如果您更改 harvester-system/harvester 部署镜像,SUSE® Rancher Prime: Continuous Delivery 代理会检测到更改并更新 BundleDeployment 资源中的相应状态。

示例:

status:
  appliedDeploymentID: s-89f9ce3f33c069befb4ebdceaa103af7b71db0e70a39760cb6653366964e5:1cd9188211e318033f89b77acf7b996
e5bb3d9a25319528c47dc052528056f78
  conditions:
  - lastUpdateTime: "2025-08-28T04:44:18Z"
    status: "True"
    type: Installed
  - lastUpdateTime: "2025-08-28T04:44:18Z"
    status: "True"
    type: Deployed
  - lastUpdateTime: "2025-09-01T07:40:28Z"
    message: deployment.apps harvester-system/harvester modified {"spec":{"template":{"spec":{"containers":[{"env":[{"
name":"HARVESTER_SERVER_HTTPS_PORT","value":"8443"},{"name":"HARVESTER_DEBUG","value":"false"},{"name":"HARVESTER_SERV
ER_HTTP_PORT","value":"0"},{"name":"HCI_MODE","value":"true"},{"name":"RANCHER_EMBEDDED","value":"true"},{"name":"HARV
ESTER_SUPPORT_BUNDLE_IMAGE_DEFAULT_VALUE","value":"{\"repository\":\"rancher/support-bundle-kit\",\"tag\":\"master-hea
d\",\"imagePullPolicy\":\"IfNotPresent\"}"},{"name":"NAMESPACE","valueFrom":{"fieldRef":{"apiVersion":"v1","fieldPath"
:"metadata.namespace"}}}],"image":"frankyang/harvester:fix-renovate-head","imagePullPolicy":"IfNotPresent","name":"api
server","ports":[{"containerPort":8443,"name":"https","protocol":"TCP"},{"containerPort":6060,"name":"profile","protoc
ol":"TCP"}],"resources":{"requests":{"cpu":"250m","memory":"256Mi"}},"securityContext":{"appArmorProfile":{"type":"Unc
onfined"},"capabilities":{"add":["SYS_ADMIN"]}},"terminationMessagePath":"/dev/termination-log","terminationMessagePol
icy":"File"}]}}}}

安装完成后的第 0 天,控制台显示 Setting up Harvester

问题描述

安装成功后,控制台持续显示 Setting up Harvester。虽然大多数 UI 和 CLI 操作不受影响,但尝试 启动升级 的操作被阻止。

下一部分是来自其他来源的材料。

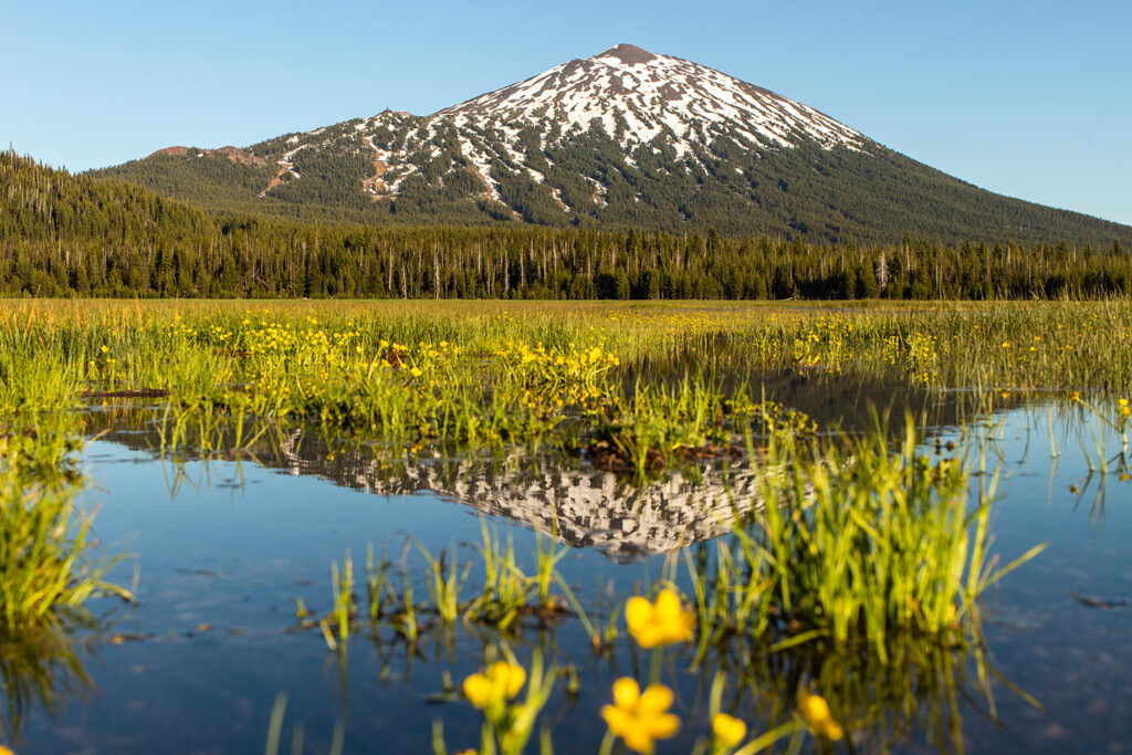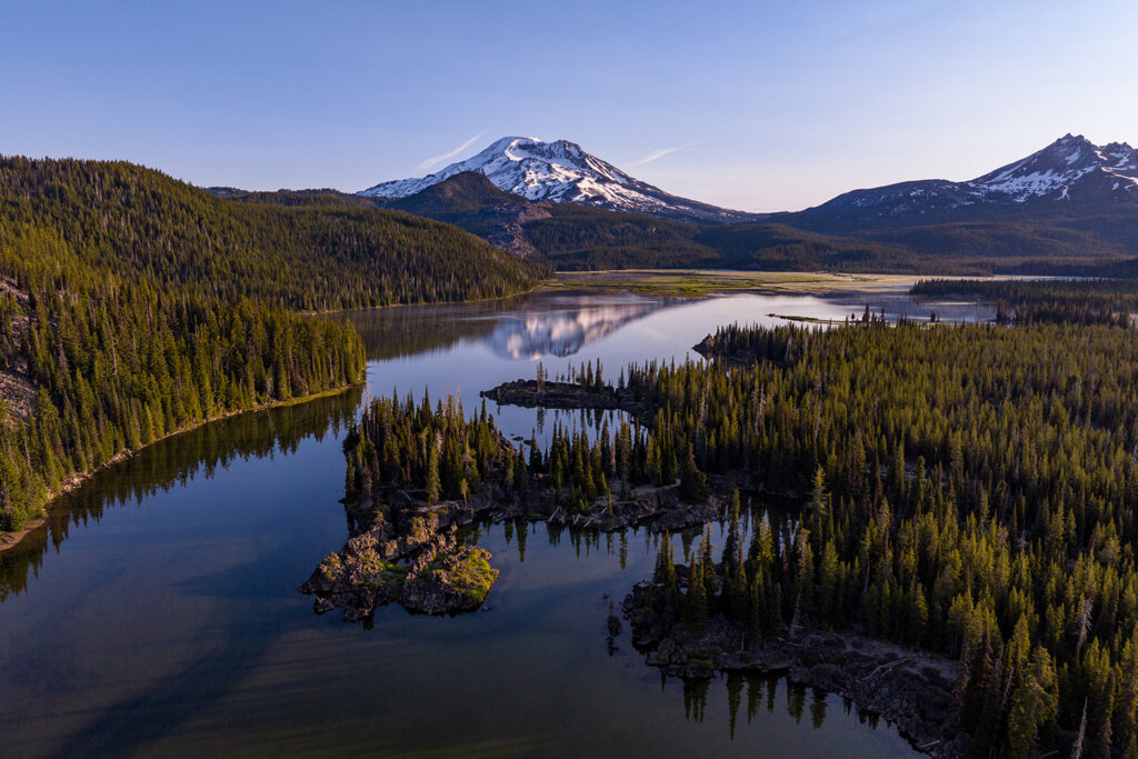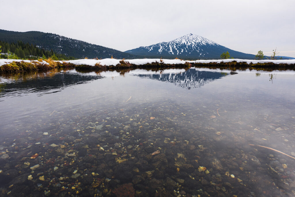 バイウェイに戻り、ダッチマン・フラット(Dutchman Flat)へと下ると、侵食によって火口内部が露出した珍しい成層火山、ブロークン・トップ(Broken Top)が見えてきます。火山と氷河がつくり出した地形を象徴する山で、周辺には大小の湖が点在します。その中でも代表的なのがスパークス湖(Sparks Lake)。およそ100ヘクタールに広がる湖は、サウス・シスター(South Sister)を映す鏡のような湖面と、溶岩台地を縁取る荒々しい地形が織りなす絶景で知られています。オレゴン州を代表する写真家レイ・アトキソン(Ray Atkeson)が愛した景勝地としても有名で、彼の名を冠したハイキングトレイルも整備されています。なお、湖へのアクセス道は未整備の砂利道のため、5月下旬〜6月上旬は車高の低い車両は通行できない可能性があります。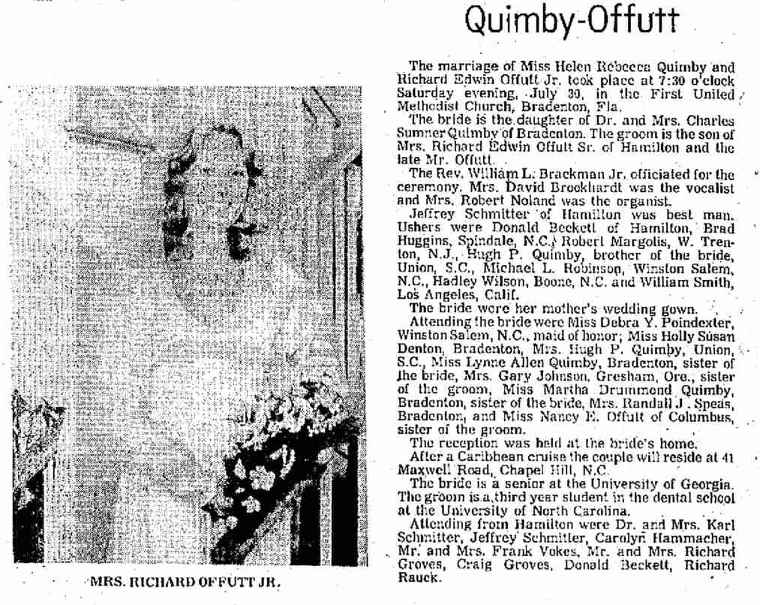 Wedding Announcement for Helen Rebecca Quimby and Richard Edwin Offutt Jr.
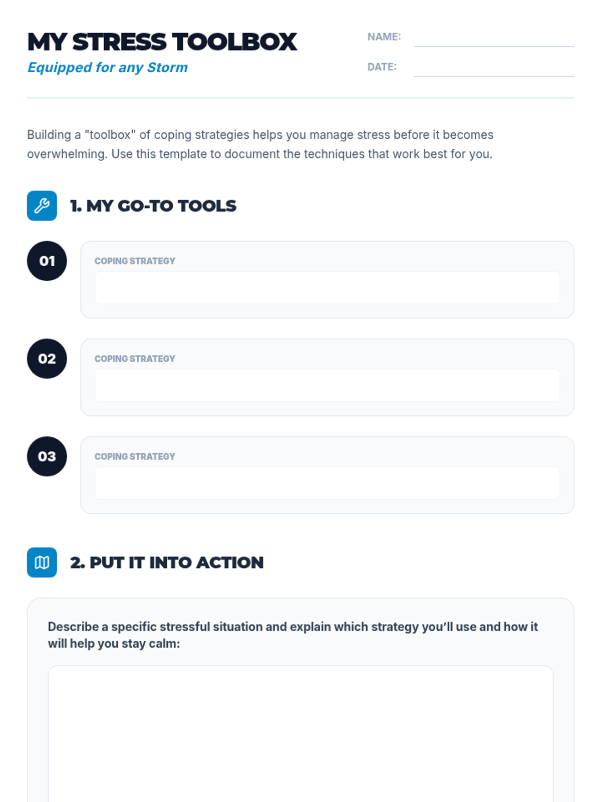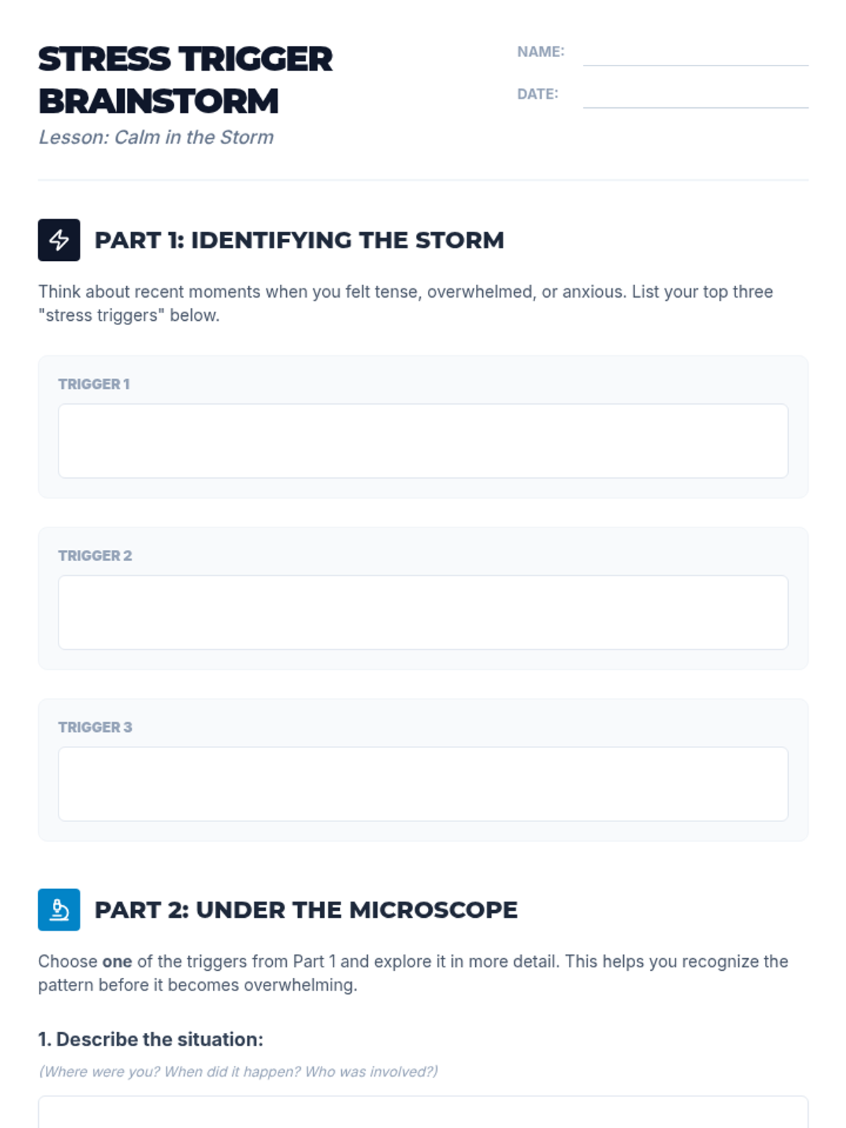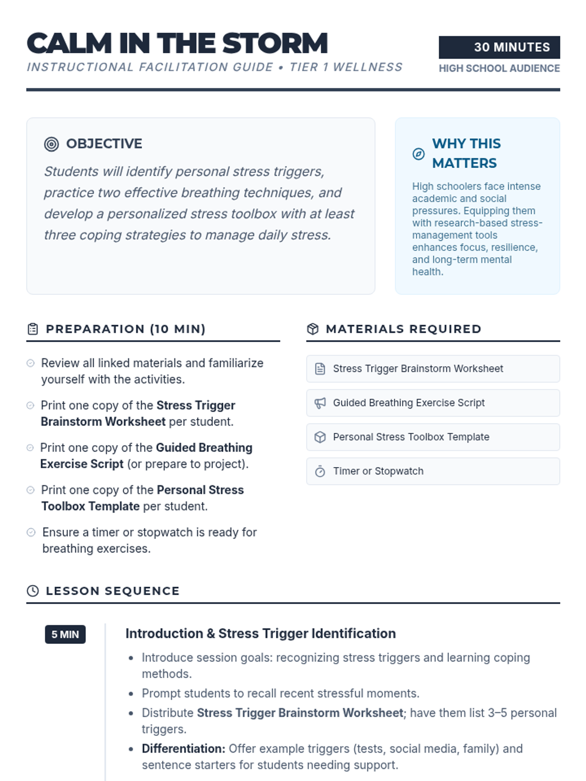 A 30-minute high school lesson focused on identifying stress triggers, practicing breathing techniques, and creating a personalized stress management toolbox.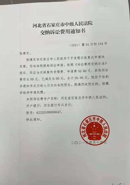 当天下午,石家庄中院通知张建芝已经找到三件行政起诉状,并决定予以立案。张建芝通过银行转账,当即缴纳了诉讼费,该院出具了统一票据(电子)。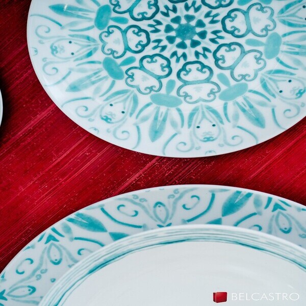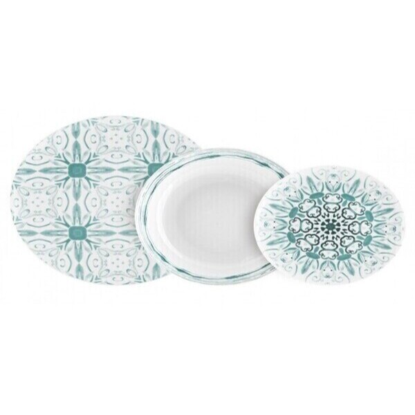 Servizio composto da 6 piatti grandi (27 cm), 6 piatti piccoli (19 cm) e 6 piatti fondi (21 cm).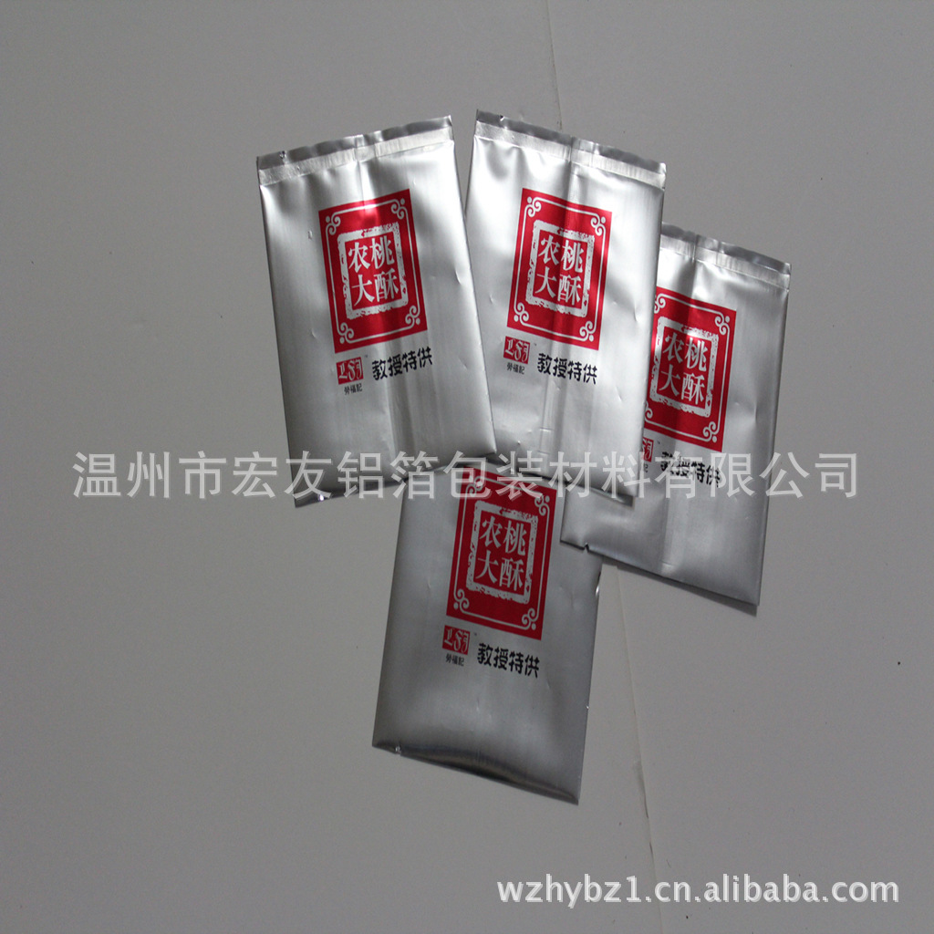 铝箔袋又叫纯铝袋材质:PET/NY/AL/PE(一般包装)PET/NY/AL/CPP(高温蒸煮)厚度:70~180微米袋形:三边封、自立拉链袋、阴阳袋特性:PE——印刷效果好,NY——透氧性低,AL——阻隔性强、不透光、PE——普通包装内层,CPP——高温蒸煮内层 特点:(1)阻隔空气性能强、防氧化、防水、防潮。 (2)机械性能强,抗爆破性能高、抗穿刺抗撕裂性能强。 (3)耐高温(121℃)、耐低温(-50℃)、耐油、保香性能好。 (4)无毒无味,符合食品、药品包装卫生标准。 (5)热封性能好、柔软性、高阻隔性能好。 铝箔袋适合哪些包装 一、软包装铝箔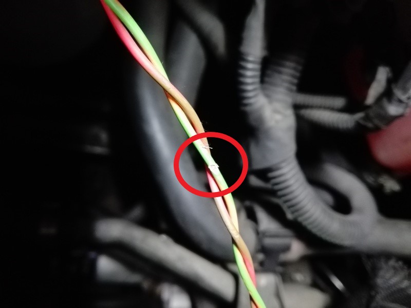Předminulou sobotu jsem rozdělal a vyčistil DRV ventil, vyměnil jsem O-kroužky a odzkoušel funkčnost. Týden jsem jezdil bez chyby, ale tento týden se chcípání zase opakovalo, tak jsem oslovil Čendlera a ten hned ukázal na kabelový svazek, co jde odspodu na zadní straně motoru přes vrch až ke vstřikovačům. Tak jsem auto natočil, zahýbal svazkem a ono to "krásně" chcíplo. Potom když jsem se svazkem hýbal, tak bylo slyšet, jak cvaká DRV ventil. Svazek jsem tedy rozbalil kam až to šlo a na vodiči k DRV ventilu jsem našel prodrbanou izolaci - viz foto.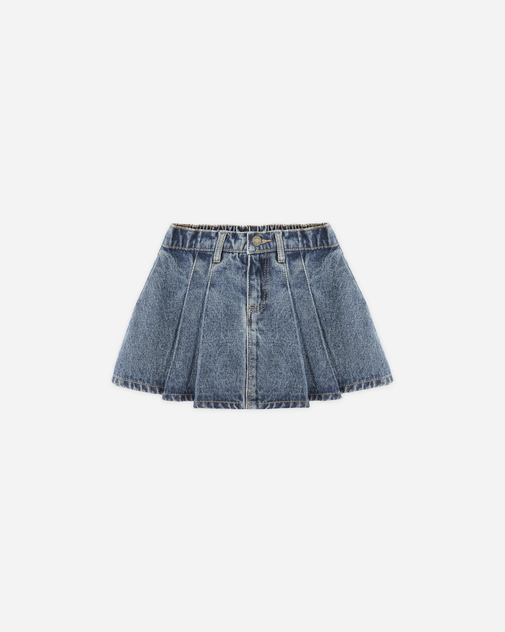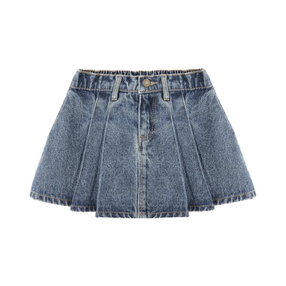 Girls Summer Casual Fashion High Waist Pleated Denim Skirt-Plus Size Straight Silhouette Ruffle Button Pocket Print Pattern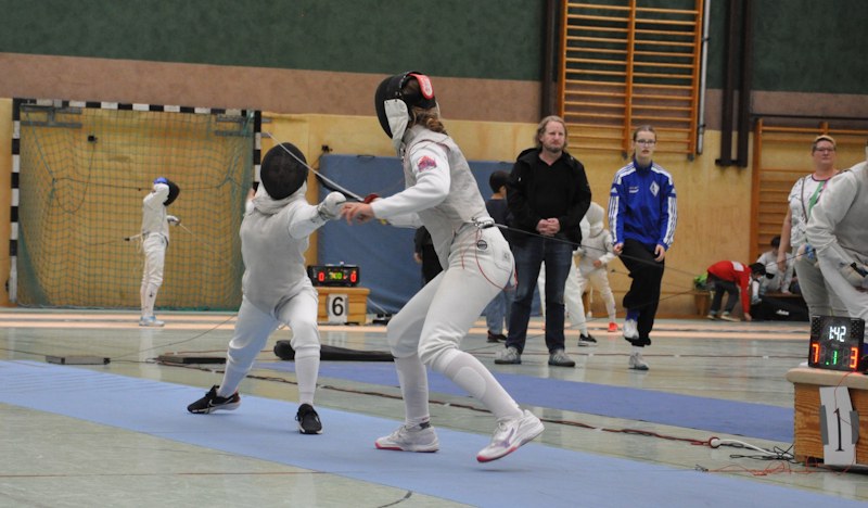 Beim zeitgleich ausgetragenem Ilse-Keydel-Turnier waren Lasse Klages und auch der Trainer Axel Klages am Start. Während Lasse mit seinem Losglück in der Vor- und Zwischenrunde haderte und schwere Gegner hatte, freute sich Axel über seins und verlor nur ein Gefecht. Somit war Lasse für die Direktausscheidung an Platz 11 gesetzt und Axel an Platz 3. Während Axel sich souverän gegen Frederic Hoffmeister aus Braunschweig in der ersten Runde der Direktausscheidung durchsetzen konnte, traf Lasse gleich auf den starken Jost Maison aus Winsen. Lasse zeigte eine kämpferisch tolle Leistung, musste sich aber letztendlich mit 15:7 geschlagen geben. In der nächsten Runde trafen dann Axel und Jost Maison aufeinander. Am Anfang konnte Axel das Gefecht noch offen gestalten, aber dann ließen die Kräfte nach und er verlor ebenfalls gegen den später zweitplatzierten Jost mit 15:7. So erreichte Lasse Platz 11 und Axel Platz 6 in dem starken Starterfeld.

运行命令 kubectl get managedchart -n fleet-local harvester -oyaml 后,显示以下信息:

...
status:
  conditions:
  - lastUpdateTime: "2025-10-22T08:01:18Z"
    message: 'NotReady(1) [Cluster fleet-local/local]; daemonset.apps harvester-system/harvester-network-controller
      modified {"spec":{"template":{"spec":{"containers":[{"args":["agent"],"command":["harvester-network-controller"],
      "env":[{"name":"NODENAME","valueFrom":{"fieldRef":{"apiVersion":"v1","fieldPath":"spec.nodeName"}}},
      {"name":"NAMESPACE","valueFrom":{"fieldRef":{"apiVersion":"v1","fieldPath":"metadata.namespace"}}}],
      "image":"rancher/harvester-network-controller:master-head","imagePullPolicy":"IfNotPresent","name":"harvester-network",
      "resources":{"limits":{"cpu":"100m","memory":"128Mi"},"requests":{"cpu":"10m","memory":"64Mi"}},
      "securityContext":{"privileged":true},"terminationMessagePath":"/dev/termination-log","terminationMessagePolicy":"File",
      "volumeMounts":[{"mountPath":"/dev","name":"dev"},{"mountPath":"/lib/modules","name":"modules"}]}]}}}};'
    status: "False"
    type: Ready

根本原因

控制台运行以下命令以确定 harvester ManagedChart(在 fleet-local 名称空间)是否处于 Ready 状态。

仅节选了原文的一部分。